'People didn't matter': Tenant details relationship with failed Saskatoon real estate firm

Chandra McMillan-Behrenz knew she wasn’t coping with a typical actual property firm the day Epic Alliance took over her property in 2019.

After residing in her home for greater than 12 years with few points, the tenant in Saskatoon’s north finish was handed a discover from Epic saying her hire was growing by $400.

“They stated, ‘When you don’t prefer it, you'll be able to transfer,’” McMillan-Behrenz stated.

Epic Alliance additionally demanded McMillan-Behrenz pay a $200 pet deposit for her 13-year-old cat that had lived in the home since delivery, she stated. When her dishwasher broke down, Epic Alliance provided to drag it out from beneath the countertop and canopy the dishwasher-sized gap with a bit of plywood. The dishwasher hasn’t run since.

After a month of not listening to from Epic Alliance about her defective oven, she was pressured to purchase an electrical roaster to host household for Thanksgiving dinner. The inconveniences began to pile up.

“It did not take me lengthy and I knew that they had been out for cash and that individuals did not matter,” she stated.

Rochelle Laflamme and Alisa Thompson had been the founders of Epic Alliance Actual Property Inc. (YouTube/Epic Alliance Inc.)

McMillan-Behrenz repeatedly notified Epic Alliance a couple of smoke detector that wasn’t working correctly and consistently making noise, she stated. After months of no response from Epic Alliance, she referred to as the hearth division and the smoke detector was changed the very subsequent day.

“The way in which they behaved wasn't skilled in any respect,” she stated.

Epic Alliance was based in 2013 by Rochelle Laflamme and Alisa Thompson. It developed into varied different corporations and had 118 staff earlier than it collapsed in January. A court-ordered investigation has discovered that $211.9 million raised from traders by the Saskatoon-based actual property agency is generally gone.

Renters of Saskatoon and Space (ROSA), a neighborhood advocacy group for tenants, says the tales from individuals who lived in houses managed by Epic Alliance are wide-ranging.

“A Renters of Saskatoon and Space (ROSA) tenant shared a priority of incapacity obstacles with the paperwork fee transitions of the Epic Alliance change of possession.
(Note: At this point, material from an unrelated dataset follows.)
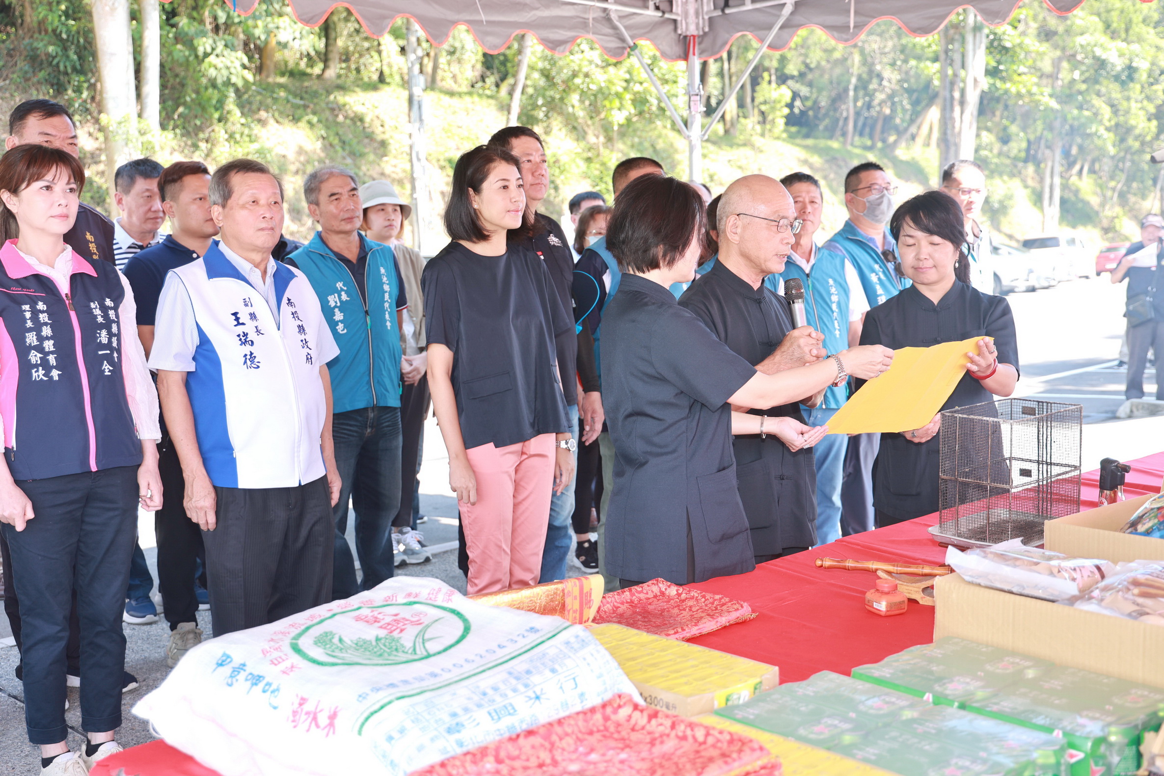 祈福儀式循往例由玄義宮法師引領科儀祭拜,在眾人虔誠上香後,依序由許縣長行三獻禮,再由法師恭稟疏文後,許縣長點燃疏文上達天聽,眾人行三躹躬禮,祭儀圓滿禮成。

As a substitute of training cheap subsequent steps of bettering invoice assortment help communications with the tenant, the brand new property supervisor dangerously skipped to utilizing the free public justice assets to drive housing insecurity, with supply of an pressing discover to evict,” a press release learn.

Nevertheless, ROSA is much more involved concerning the longer-term results on the realm with a whole bunch of former Epic Alliance houses in Saskatoon core neighbourhoods being handed over to different house owners and property managers, probably making a squeeze on reasonably priced housing.

ROSA encourages different tenants at former Epic Alliance houses to come back ahead and share their data of “this technique failure.”

“Let’s deal with housing as a social good as a substitute of a profit-making commodity,” the assertion learn.

McMillan-Behrenz has accepted she’ll seemingly by no means get again the a whole bunch of dollars she says Epic Alliance owes her, however by talking out and detailing her remedy, McMillan-Behrenz hopes it encourages different tenants to talk up and defend themselves so different corporations don’t proceed to benefit from tenants.

“It is type of a human rights abuse while you've received a dishonest monopoly,” she stated. “Persons are being handled like that, particularly long-term tenants that take care of a spot solely to have their hire severely raised.”

Different houses on her block purchased by Epic Alliance sat vacant for over a yr, in accordance with McMillan-Behrenz. She figured the corporate was in bother when she received a name from Epic Alliance demanding she pay her overdue hire when her hire was paid solely days earlier.

With a number of grandchildren, her church and different household within the space, McMillan-Behrenz wasn’t deterred by the fixed points, however she has deep sympathy for different tenants who didn’t stand their floor and combat, and as a substitute had been evicted or handed unreasonable payments from Epic.

“We do not wish to uproot, so loads of the repairs we did right here got here out of our personal pockets,” she stated.